Sungguh, sepanjang hidupnya Padma sangat menyayangi Sobari. Abahnya itu lebih dari sekedar Bapak. Namun, Sobari juga bagaikan Mamak, Kakak sekaligus sahabat baginya. Dalam kesederhanaan mereka, cinta Sobari tertumpah utuh dan tak berbatas pada Padma. Indahnya, ketulusan itu dirasakan dan dinikmati Padma sehingga mereka saling memiliki sebagai anak dan orangtua tunggal.

Padma menghapus air matanya. Wanita itu meletakkan baju Sobari di lipatan paling atas. Setelah menggantung pigura foto di samping cermin, Padma merebahkan badan di kasur empuk yang baru kali ini dia nikmati. Namun, entah kenapa dia justru merindukan kasur kapuknya yang sudah sangat tipis dan keras di kampung sana.

Ba’da Shubuh, Padma langsung menuju dapur.
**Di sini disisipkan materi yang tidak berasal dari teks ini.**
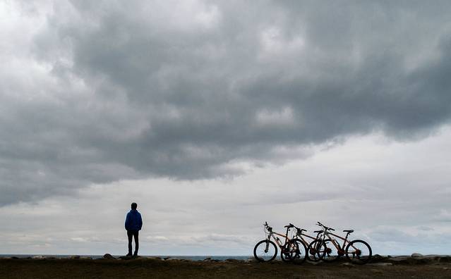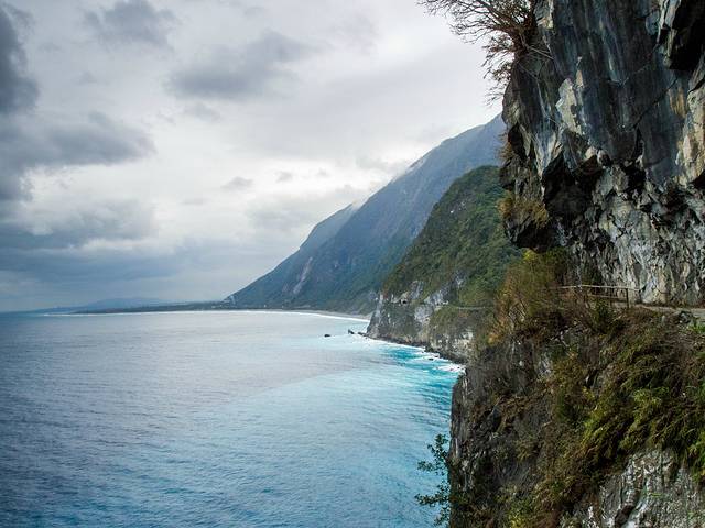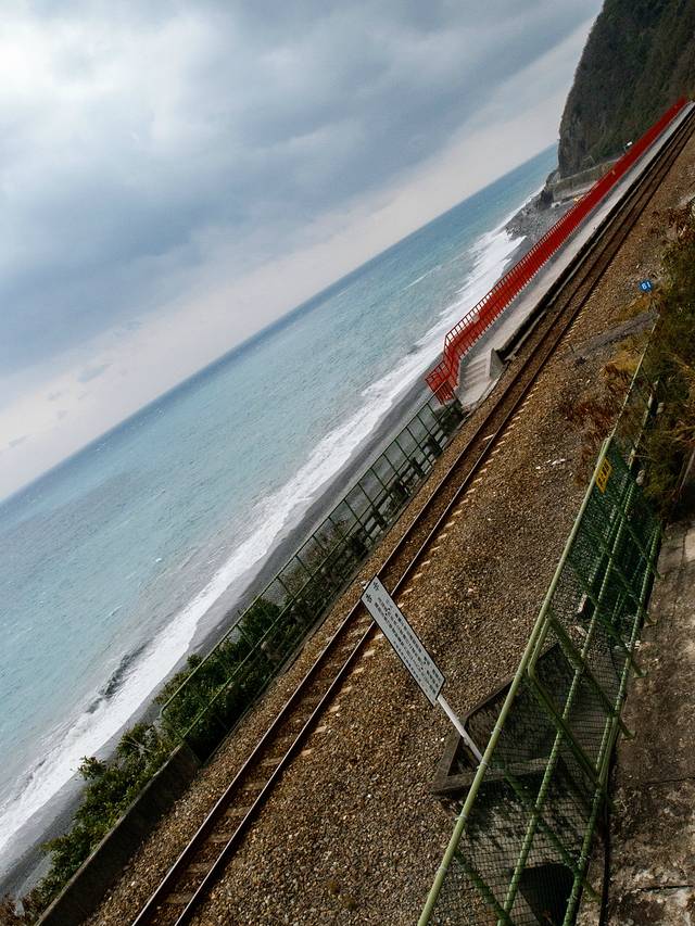 这一天可以算是个整趟旅程的小高潮,可惜彬哥因为时间原因选择参团一日游玩太鲁阁和清水断崖以及七星潭三个点,然后再赶当天晚上的火车去台北。而我们剩下仨本打算结束腐败之旅到giant甲租乙还自行车骑到台北,没想到这种租自行车方式需要提前一个月时间(至少提前一周)打电话预约。于是我们不得不选择了当天租自行车骑完当天回花莲还。台湾自行车真是非常便宜,我们租一天的租金是150NTD,也就是30元人民币。办好手续拿到自行车便开始了我们这次单天骑行一日游。一路阴云,还时不时飘着小雨,就在这样的天气下,骑起来也不怎么感觉冷,地理位置偏南的台湾冬天骑车就是爽啊。我们先来到了七星潭,游人不多,说是潭,其实已经是一处海湾,正面迎着太平洋。

Tadi malam dia langsung ketiduran karena kelelahan. Padma tersenyum tipis melihat Bik Sur. Wanita yang usianya hampir seusia Sobari itu terlihat sudah sibuk dengan wajan di depannya.

“Padma bantu apa, Bik?”

“Eh? Sudah istirahat dulu saja. Nanti siangan baru bantu-bantu. Kasihan kamu, baru sampai tadi malam pasti masih pegal-pegal. Mau Bibik panggilkan tukang urut?” Bik Sur menoleh sekilas pada Padma.

“Kamu itu dari kampung mana, Pad?” Bik Sur menoleh pada Padma saat wanita itu hanya diam saja tidak menanggapi ucapannya. Dia tersenyum melihat Padma yang mulai memotong-motong bawang bombay dan sayuran yang tadi akan dia potong setelah selesai menggoreng dada ayam fillet tepung krispi.
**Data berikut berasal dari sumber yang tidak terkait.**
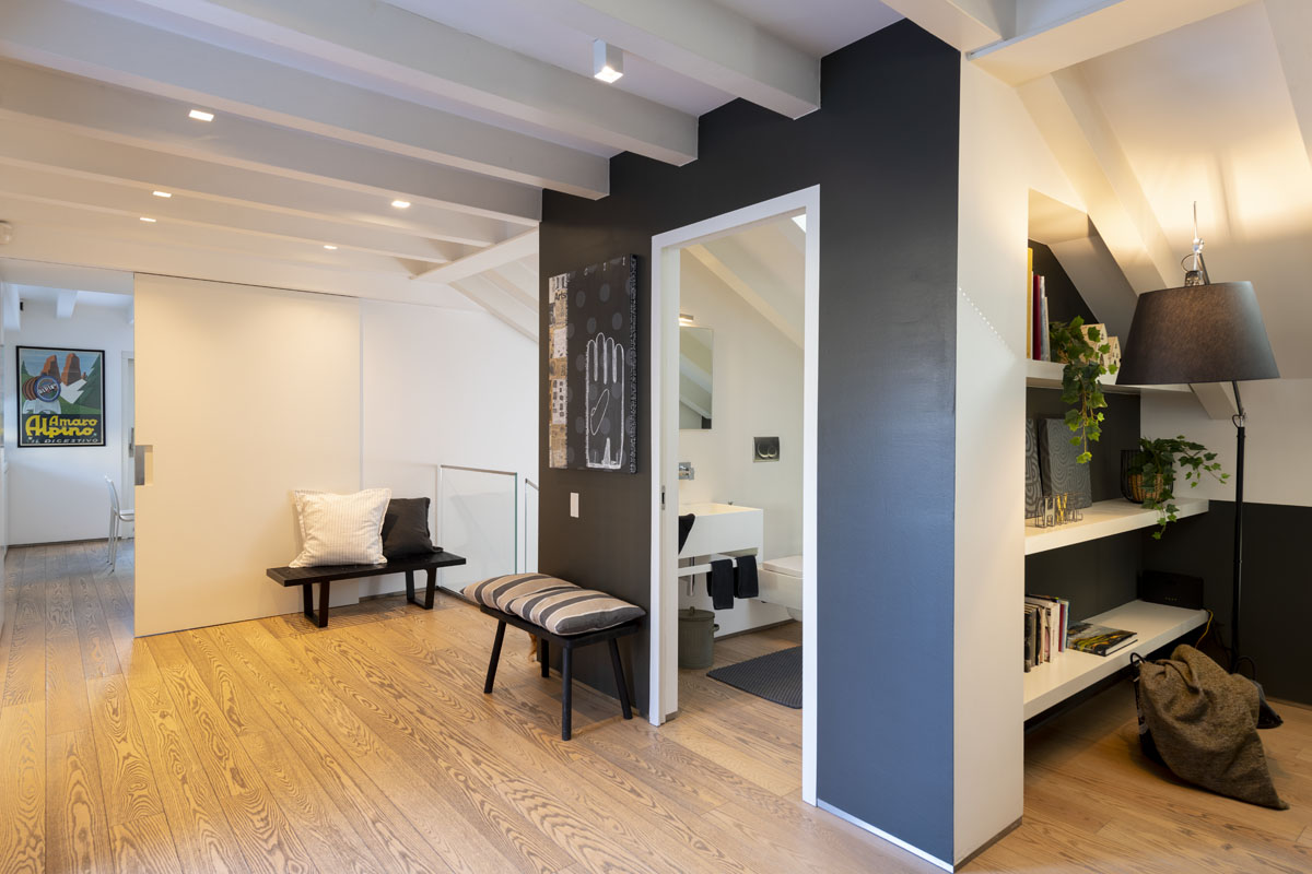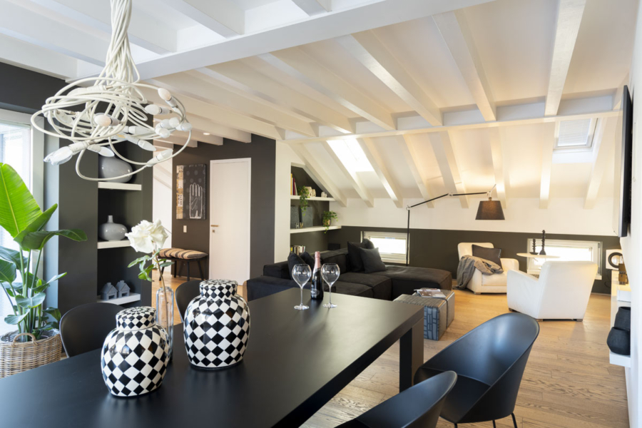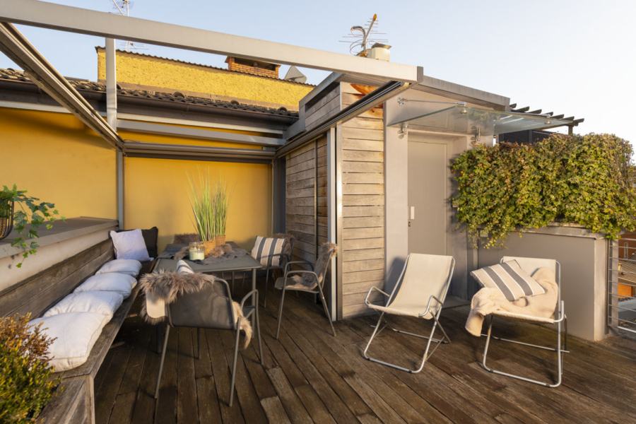 Al secondo piano fantastica terrazza affacciata sul Fersina collegata dall’elevatore privato che serve tutti i piani della casa.

“Daerah Talang, Bik,” jawab Padma. Tangannya bergerak lincah memotong bawang dan merajang cabai.

“Kenapa tidak cari kerja dekat sana saja?” Bik Sur meletakkan lauk yang sudah matang di meja. Dia mengangguk-angguk melihat Padma yang cekatan. Terlihat sekali kalau wanita itu sudah terbiasa di dapur.
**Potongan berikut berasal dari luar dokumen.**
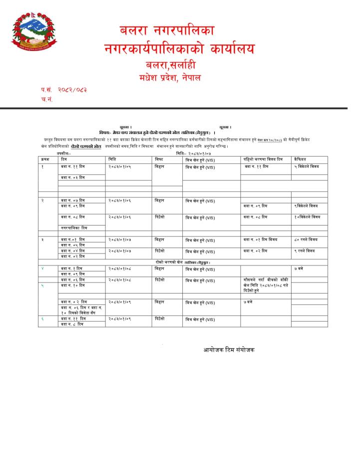 मेयर कप संचालन हुने दोस्रो चरणको खेल तालिका (सेडुयुत) ।

Padma hanya tersenyum menanggapi pertanyaan Bik Sur. “Pak Soka dan Bu Danisa tidak tinggal di sini ya, Bik?” Padma mengalihkan pembicaraan.

“Sudah beberapa tahun ini Den Sagara tinggal sendiri. Dia sengaja membeli rumah ini untuk persiapan menikah. Dulu Bibik ikut kerja di rumah Bapak dan Ibu, tapi Ibu minta Bibik ke sini waktu Den Sagara memutuskan pindah.”

Persiapan menikah? Padma membatin. Keningnya sedikit berkerut mendengar kalimat itu.

“Den Sagara biasanya cuma sarapan dan makan malam di rumah. Siang dia di kantor, baru pulang jam tujuh atau jam delapan malam. Nanti Padma saja yang siapkan buat malam ya? Bibik sering ketiduran. Untung Den Sagara maklum karena Bibik sudah bekerja sejak dia masih kecil.”

Padma mengangguk-angguk. “Ini mau dimasak apa?” tanyanya.

“Sini, mau dibikin capcay sama Bibik. Bikinkan teh buat Den Sagara. Dia suka minum teh kalau pagi-pagi.”

Padma mengangguk. Dia sudah tahu itu dari Ranu. Padma bergegas menyiapkan minuman saat ekor matanya menangkap bayangan Sagara memasuki ruang makan. Padma melirik jam di dinding.

“Den Sagara memang biasa berangkat pagi-pagi untuk menghindari macet. Sudah sana berikan tehnya.” Bik Sur berbisik pada Padma. Dia seolah mengetahui apa yang ada di pikiran wanita muda di sampingnya.

“Ini tehnya, Den.” Padma meletakkan teh di samping Sagara. Setelah mengangguk sopan, Padma berlalu ke dapur lagi.

Sagara menarik napas panjang. Dia memperhatikan Padma yang sedang mengobrol dengan Bik Sur. Lelaki itu merasa sedikit lega karena tanpa harus dijelaskan Padma sudah paham posisinya di rumah ini.

"Suruh saja tidur di kamar pembantu, Ga. Risna 'kan baru mengundurkan diri minggu lalu. Jangan gegabah. Pikirkan semua dengan kepala dingin.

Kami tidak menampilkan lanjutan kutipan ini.